Our findings suggest that stressors from the COVID19 pandemic impacted faculty engagement and retention. Faculty who reported that the COVID-19 pandemic created difficulties meeting work commitments were more likely to be disengaged and more likely to report intent to leave the organization. In a cross-sectional study examining COVID-19 related stress in US healthcare workers, Sinsky et al also found that those reporting increased COVID19-related stress, increased fear of COVID-19 exposure or transmission, or high workload were more likely to report intention to leave in the next 24 months.34 Faculty disproportionately impacted by changes secondary to stressful events or disasters such as the COVID-19 pandemic may therefore require increased support from their institutions, such as increased flexibility at work.25,38

Finally, studying faculty engagement can be challenging due to the myriad ways in which faculty engagement is defined or measured.4 Many survey tools and definitions have noted that a physician who is fulfilled, dedicated, and satisfied with their work is likely to be more engaged.2,23,32,33,39–41 However, many surveys evaluating levels of physician engagement do not include the context in which these physicians work, which may lead to challenges with interpreting and generalizing data for use at other organizations.39 We believe one of the strengths of this study is that we were able to measure faculty engagement in the context of faculty worklife environment.

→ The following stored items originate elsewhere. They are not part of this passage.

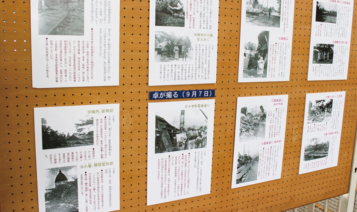 期間中は写真35点とそのメモの内容をまとめたパネル22枚を展示。震災翌日の自宅をはじめ、箱根口、御用邸などを紹介している。「大西海子角」の様子について「こゝでも沢山人が中へふせられてしまったし、此となりでは圧死者も重傷者もあった。」などと書き記されていた。
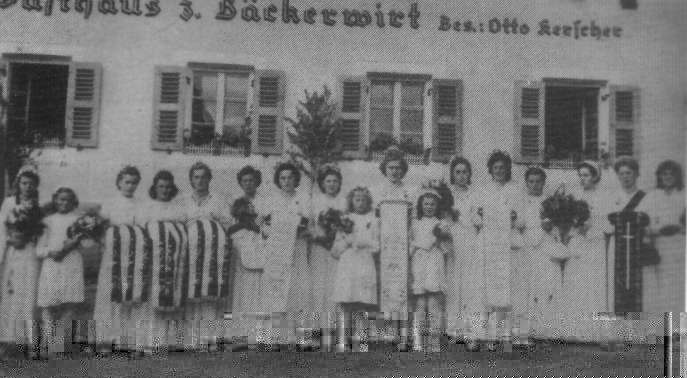 v.l.: Maria Bergmeier, Regina Pielmeier, Frieda Wacker, Zenta Zistler, Anneliese Anker, Reserl Pflügl, Gretl Kötterl, Fannerl Cerweny, Eugenie Umkehr, Pauline Gierl, Lotte Sachs, Reserl Poiger, Erna Kienberger, Maria Anderl, Erna Fisch, Anastasia Kwade, Maria Schlosser.
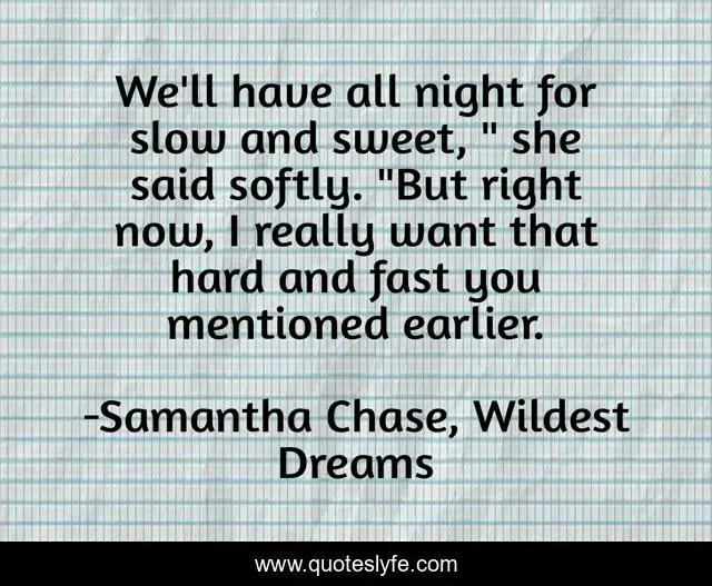 This page presents the quote "We'll have all night for slow and sweet, " she said softly. "But right now, I really want that hard and fast you mentioned earlier.". Author of this quote is Samantha Chase, Wildest Dreams. This quote is about contemporary-romance, book-store, snow, second-chances, small-town-romance, second-chance-at-love,.
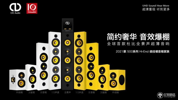 這次展出的2021年CIC推出500掛墻系列,不僅在外觀上,做到了全球最薄的音響,6厘米的實際厚度,4厘米的視覺厚度。烤漆工藝,黑白黃三個顏色。同時首次提出讓中置有聲無形,解決了中置無處安放的尷尬。CIC首次把絕對菲思分頻器運用在中置結像中,突破了中置的聲場問題,并且讓聲場不會固定在一個位置上,實現整個空間的中置效果。更適應時下最流行的激光電視的擺放。無需再為中置的擺放位置而煩惱,準確的聲音結像讓傳統的中置音箱徹底消失,卻神奇般留下了完整的中置聲場。這款音響之所以能夠稱得上后裝的跨界產品,還有一個原因是把環繞聲做到前面,市場唯一一款掛墻款模塊化真實環繞組件產品,杜比專利技術,聲學透鏡式原理,不是模擬環繞聲,而是真實的獨立環繞音響,通過最適合客廳的吊頂反射(墻面反射不適合客廳),形成環繞包圍音效。
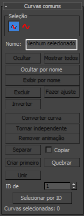 Este tópico descreve os controles comuns a curvas de ponto e de VC. Uma implementação rotulada como Curvas comuns contém os controles de subobjetos de curva para os modelos NURBS.
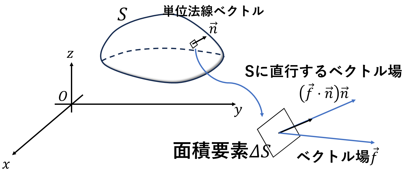 面積要素\(\varDelta S_i\)は\(S\)を\(n\)分割したうちの1つです。記号節約のため\(\varDelta S\)で分割の範囲、分割の面積の大きさの両方表します。\(\vec{f}_i,\vec{n}_i\)は\(\varDelta S_i\)の中での\(\vec{f},\vec{n}\)です。
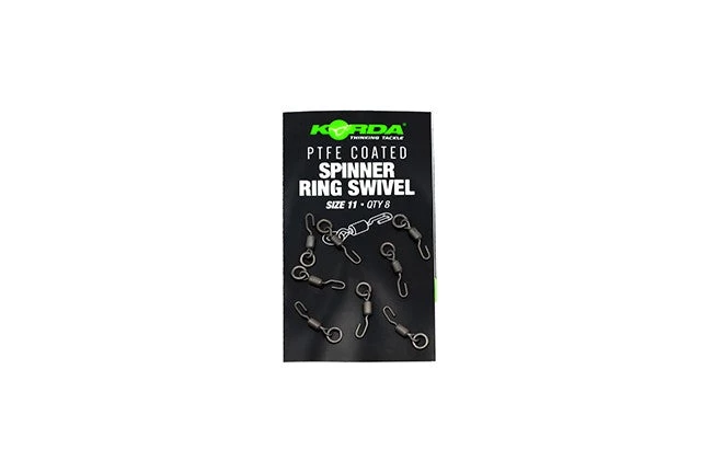 The Korda Size 11 PTFE COATED SPINNER RING SWIVEL has been purposefully designed for creating the popular Spinner/Ronnie Rig. It uses a Polytetrafluoroethylene (PTFE) coating which is a synthetic polymer and has one of the lowest coefficients of friction of any solid. This makes it the perfect coating for our swivels as it reduces friction between the barrel and swivel eye, allowing them to rotate freely, this in turn will improve the hooking efficiency of your Spinner Rig. Having the most efficient rotation will increase your rigs mechanics and help them to perform at their optimum level.
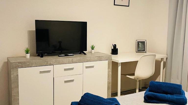 Die Ferienwohnung umfasst zwei Schlafzimmer, eine voll ausgestattete Küche mit Kühlschrank und Geschirrspüler, einen TV sowie einen Sitzbereich. Das Badezimmer ist mit einer Badewanne oder Dusche versehen. Handtücher und Bettwäsche werden bereitgestellt. Die Unterkunft ist als Nichtraucherbereich ausgewiesen und bietet Zugang für Gäste mit Mobilitätseinschränkungen.
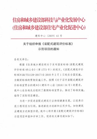 轉發《關于組織申報<裝配式建筑評價標準>示范項目的通知》
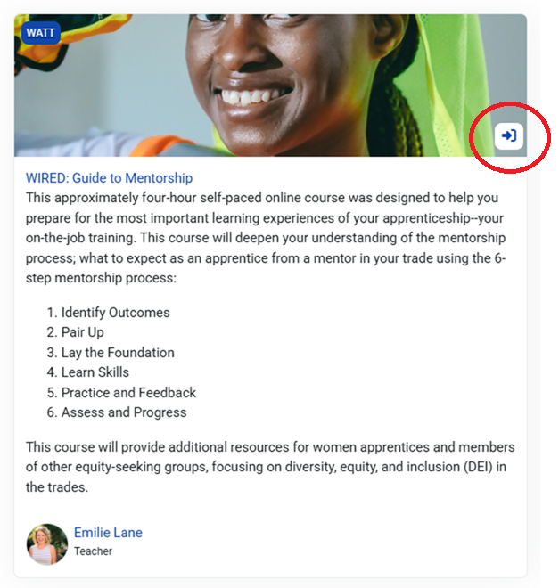 • 4)Find the course called ‘WIRED: Guide to Mentorship’ and click on the arrow in the bottom right corner to self-enroll
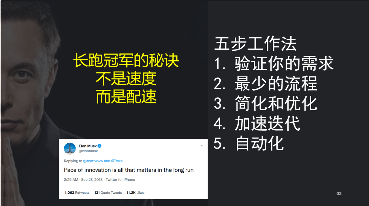 五步工作法在马斯克经历特斯拉Model3汽车的量产地狱(Mass Production Hell)以后痛定思痛,从很多管理失误和错误种总结出来的一套非常有效的企业商业创新管理思路。,指出顺序也不可错乱,因为我本人也经常做IT项目的需求分析,感觉有很大启发,IT行业很多时候的需求并不是做的太少,绝大部分失败的原因在于做的太多,没有关注用户的核心诉求,没有关键的功能点,贪大求全,而导致了失败,这个在很多失败产品上都能看见端倪,相反很多成功产品都是一句话能够说明白的,比如滴滴是打车的,微信是社交聊天的,抖音是make your day,美团是即使零售等等,这里涉及到用户心智,产品定位,当然最重要的是产品设计理念的传达,就是经常说的少即是多(LESS IS MORE)。理解马斯克的成事方法论,理解并加以融会贯通,成为自己工作方法的一个重要的衡量标准,是一个很好的学习方法。
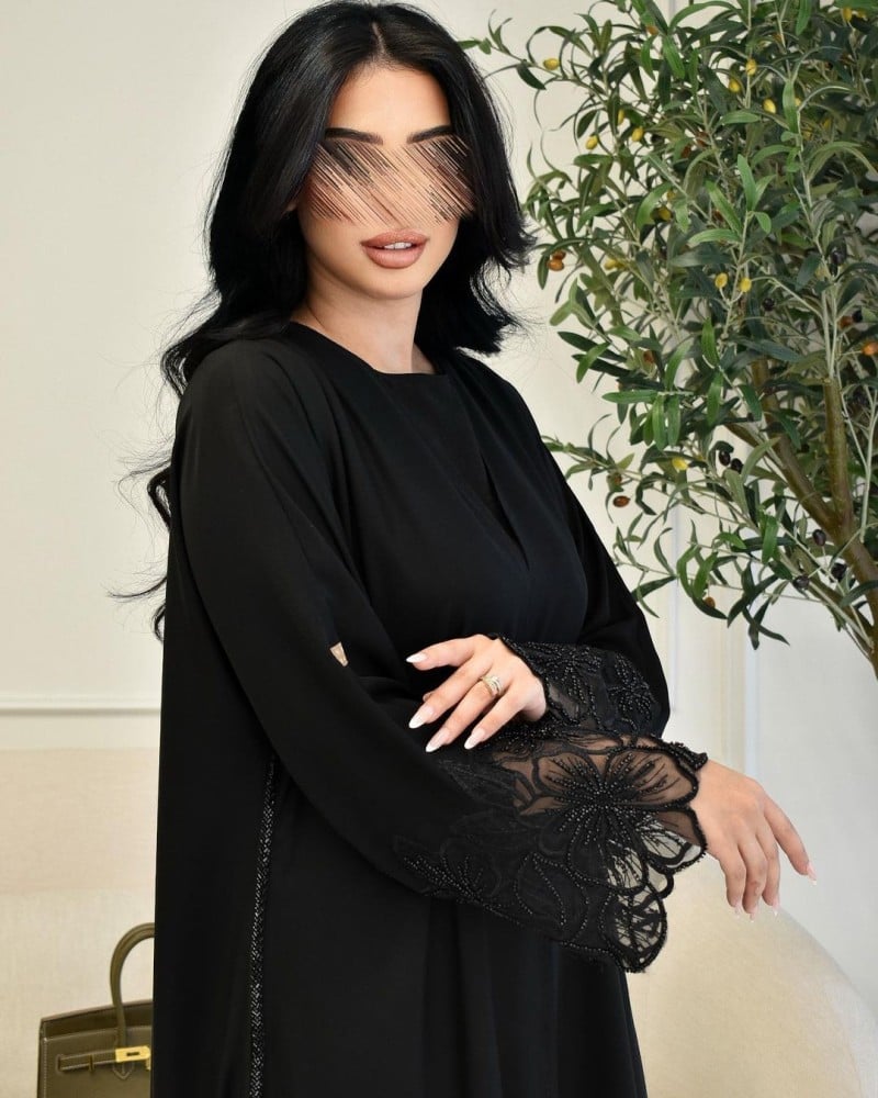 قماش انترنت بقصة الربع كلوش بالإضافة الى الشك اليدوي بالخرز الأسود
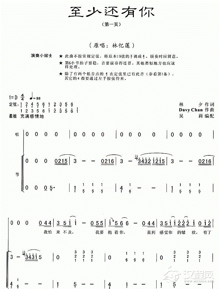 古筝谱【至少还有你】

Burnout and engagement do not occur in isolation.42,43 Our concurrent examination of faculty engagement and worklife areas may be more useful for organizations to find strategies to initiate appropriate interventions.

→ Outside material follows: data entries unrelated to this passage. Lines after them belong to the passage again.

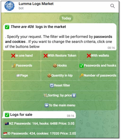 Lummaインフォスティーラーが完全に停止していないことを示すもうひとつのサインとして、侵害されたコンピューターから窃取された情報がオンライン市場に出回り続けているという事実があります。例えば、摘発作戦の2日後、Lummaによって窃取された認証情報を販売する自動化されたテレグラムボットが、41カ国から集めた95件のログを売りに出していました。5月29日時点で、同ボットには406件のログが掲載されており、着実に増加していることが確認されています。
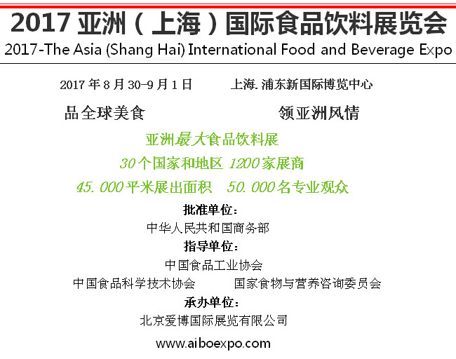 2017亚洲(上海)国际食品饮料展览会(简称:Cipfc China)是由中华人民共和国商务部批准,中国食品科学技术协会,国家食物与营养咨询委员会,中国食品工业协会,爱博展览联合发起。现已成为亚洲最大、国内最专业的食品饮料行业贸易洽谈采购对接盛会,Cipfc China每年定期在北京、上海两地巡回举办,属于食品行业例会。
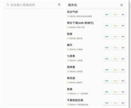 它同样支持下载ape,flac无损品质的音乐,它的整体设计也是十分简洁,并且软件使用方法很简单,直接点击软件主界面的搜索按钮,然后输入你要下载的歌曲或者歌手,就可以出来结果。
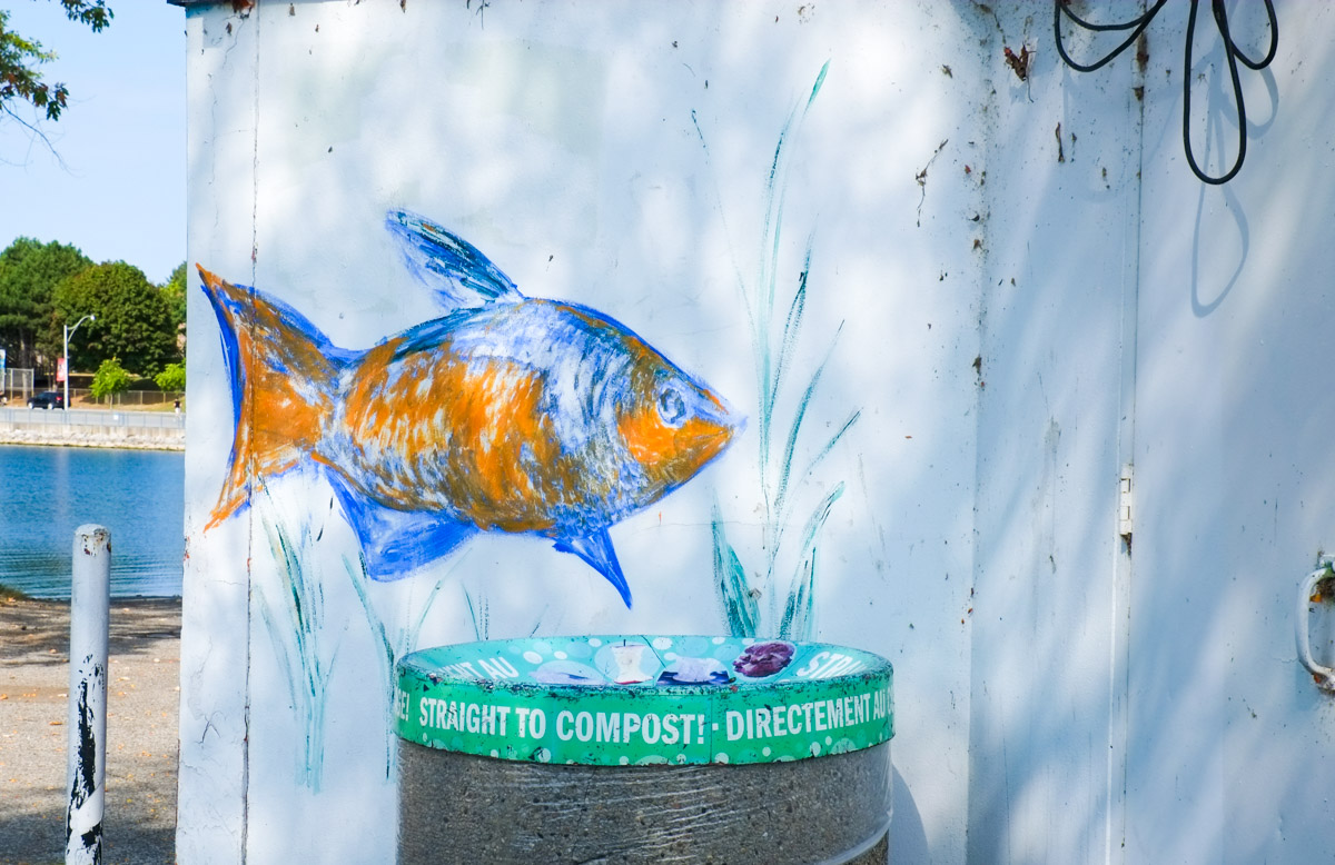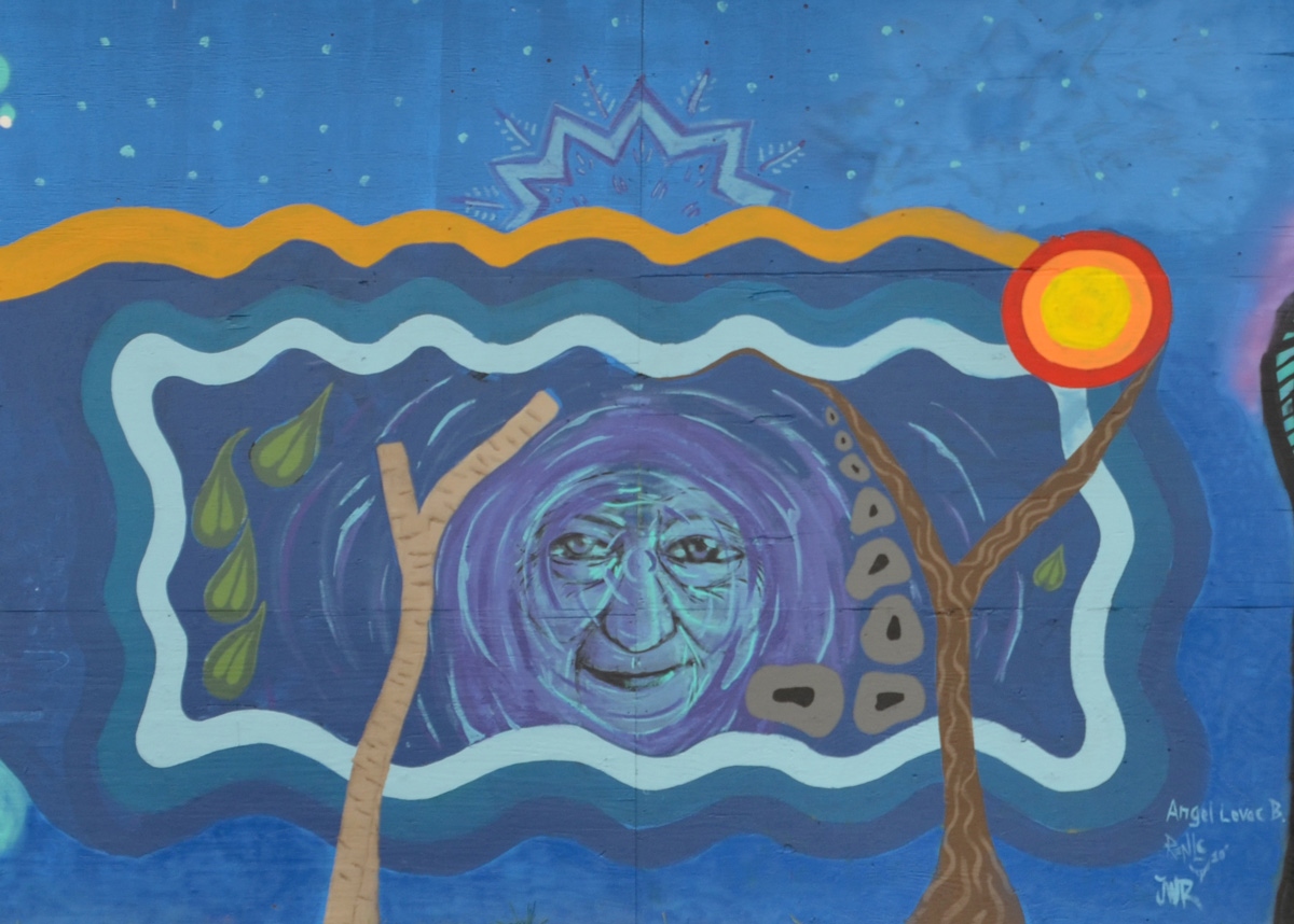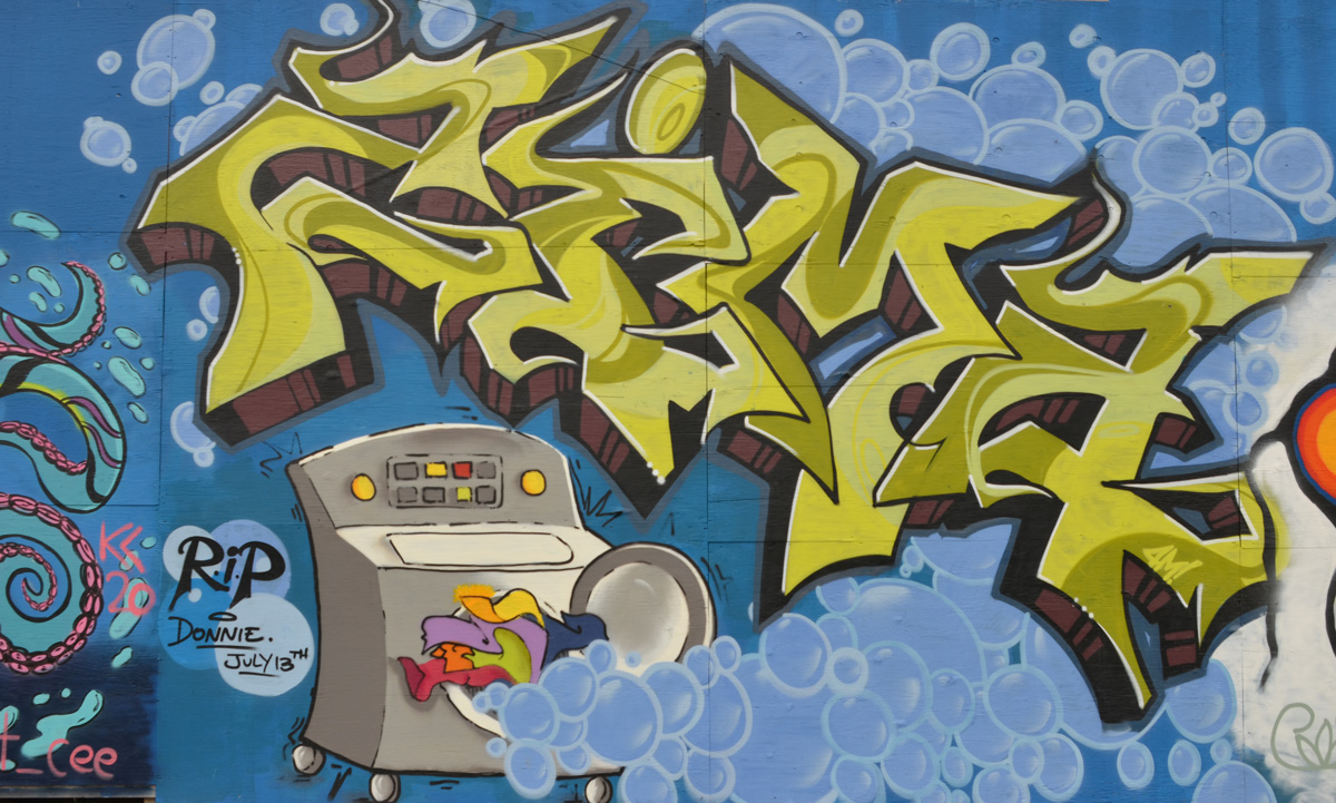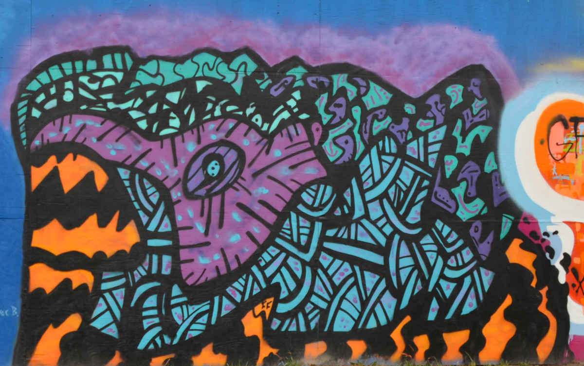 The blues of the water, the Humber River, were painted by Kwest. Water is the Underworld in Ahishinaabe cosmology and the Guardians of this Underworld are the fish. Another artist, Jarus aka (Emmanuel Jarus), painted the fish.

Limitations to this study include a sub-optimal response rate, though response rates were similar to those in other physician surveys.34,37 Senior faculty and White faculty were more likely to respond to our survey, which may have impacted our findings. Due to low numbers, we excluded faculty who identified as non-binary. This study was also conducted in a pediatrics department at a single institution located in an urban setting, which may limit its generalizability to other physician specialties or organizations in different settings. Our findings were from a single time-point using a cross-sectional study; however, we found similar patterns with faculty engagement and areas of worklife in subsequent surveys, suggesting consistency and bolstering our findings. Although there are many ways to measure work engagement, our study included just one modality. Finally, this study was conducted during a unique period—recovery from the initial surge of the COVID19 pandemic—and the findings may not be generalizable to other time periods. We theorize it is possible that the COVID19 pandemic may have exacerbated current stressors in the workplace and highlighted influential worklife areas that may be most critical when considering physician engagement and intent to leave.

Conclusion

In a cross-sectional survey examining worklife areas associated with faculty engagement and intention to leave in a pediatrics department impacted by the COVID19 pandemic, we found that positive perceptions of the specific worklife areas of workload, control, and community were highly associated with increased engagement, and that alignment with values and community were highly associated with decreased intent to leave. This study suggests specific target areas which institutions may consider in efforts to enhance physician engagement and retention.

Abbreviations

95% CI, 95% Confidence Interval; AAP, American Academy of Pediatrics; AWS, Areas of Worklife Survey; DEP, Depersonalization; EE, Emotional Exhaustion; MBI, Maslach Burnout Inventory; MBI-HSS, Maslach Burnout Inventory Human Services Survey; OR, Odds Ratio; PA, Personal Accomplishment; VIF, Variance Inflation Factors.

Disclosure

Dr Cabana is a member of the United States Preventive Services Task Force (USPSTF). This manuscript does not necessarily represent the views of the USPSTF. Dr Janet Serwint reports grants from NICHD, HRSA; Associate Editor for Pediatrics in Review Editorial Board, consultant for Cameron Kravitt Foundation, outside the submitted work. The remaining authors report no conflicts of interest in this work.